_Work instruction_:
For this task, extract exactly the lines of the data below, from the line containing "Be distinctive. The" through the last one, with pictures left out.

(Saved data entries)
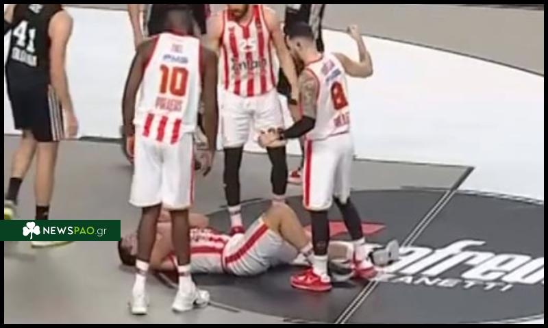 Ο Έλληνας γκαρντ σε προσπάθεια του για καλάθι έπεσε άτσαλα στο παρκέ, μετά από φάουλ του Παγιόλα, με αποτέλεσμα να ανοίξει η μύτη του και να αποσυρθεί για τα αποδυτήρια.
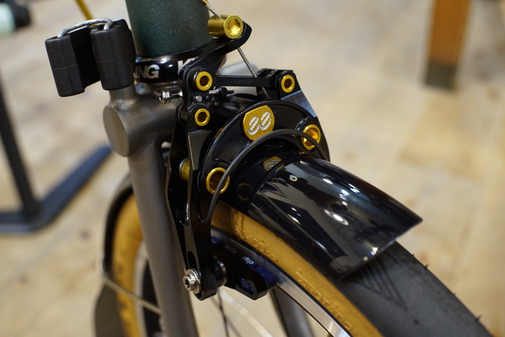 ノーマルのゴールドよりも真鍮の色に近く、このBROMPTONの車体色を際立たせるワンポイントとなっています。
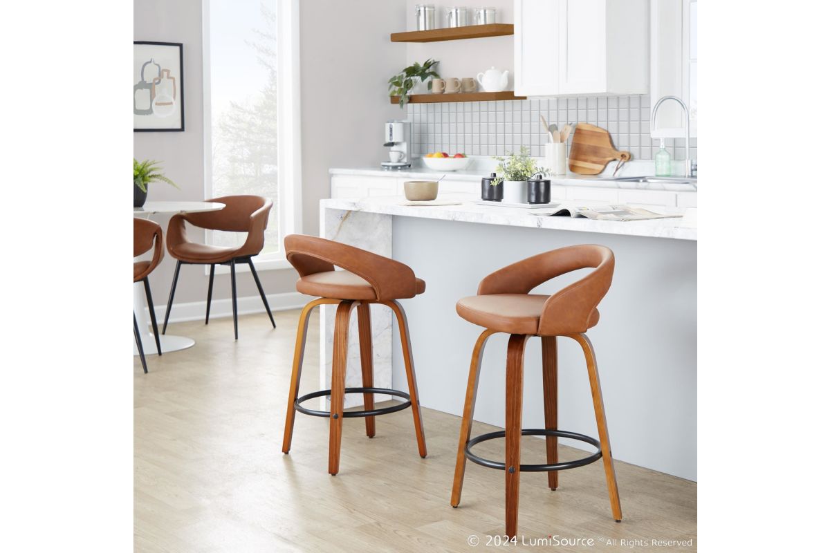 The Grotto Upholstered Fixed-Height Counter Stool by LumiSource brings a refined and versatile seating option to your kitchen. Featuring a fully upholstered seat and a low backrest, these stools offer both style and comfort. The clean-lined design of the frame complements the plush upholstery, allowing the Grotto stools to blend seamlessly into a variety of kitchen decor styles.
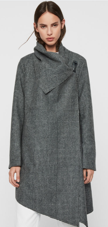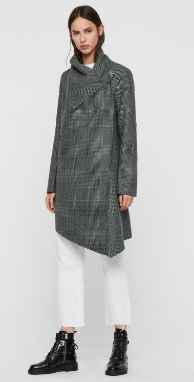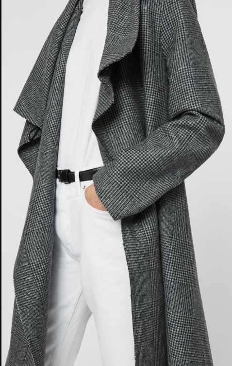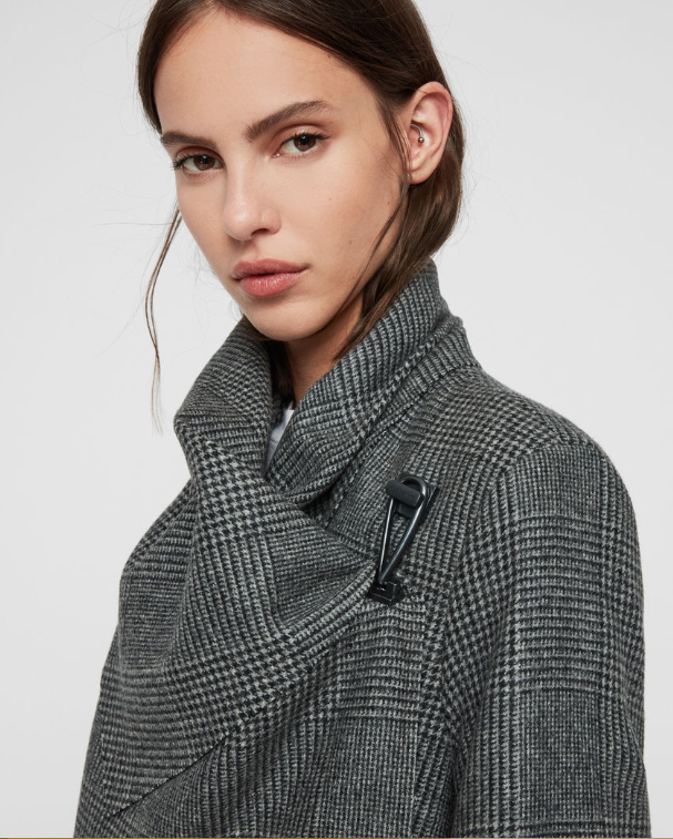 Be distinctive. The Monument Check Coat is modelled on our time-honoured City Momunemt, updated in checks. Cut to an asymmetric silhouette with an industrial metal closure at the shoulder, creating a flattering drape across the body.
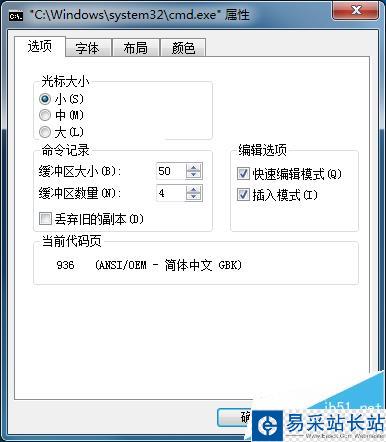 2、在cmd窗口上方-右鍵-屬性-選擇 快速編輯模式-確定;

_Solution for this exercise_:
 Be distinctive. The Monument Check Coat is modelled on our time-honoured City Momunemt, updated in checks. Cut to an asymmetric silhouette with an industrial metal closure at the shoulder, creating a flattering drape across the body.
 2、在cmd窗口上方-右鍵-屬性-選擇 快速編輯模式-確定;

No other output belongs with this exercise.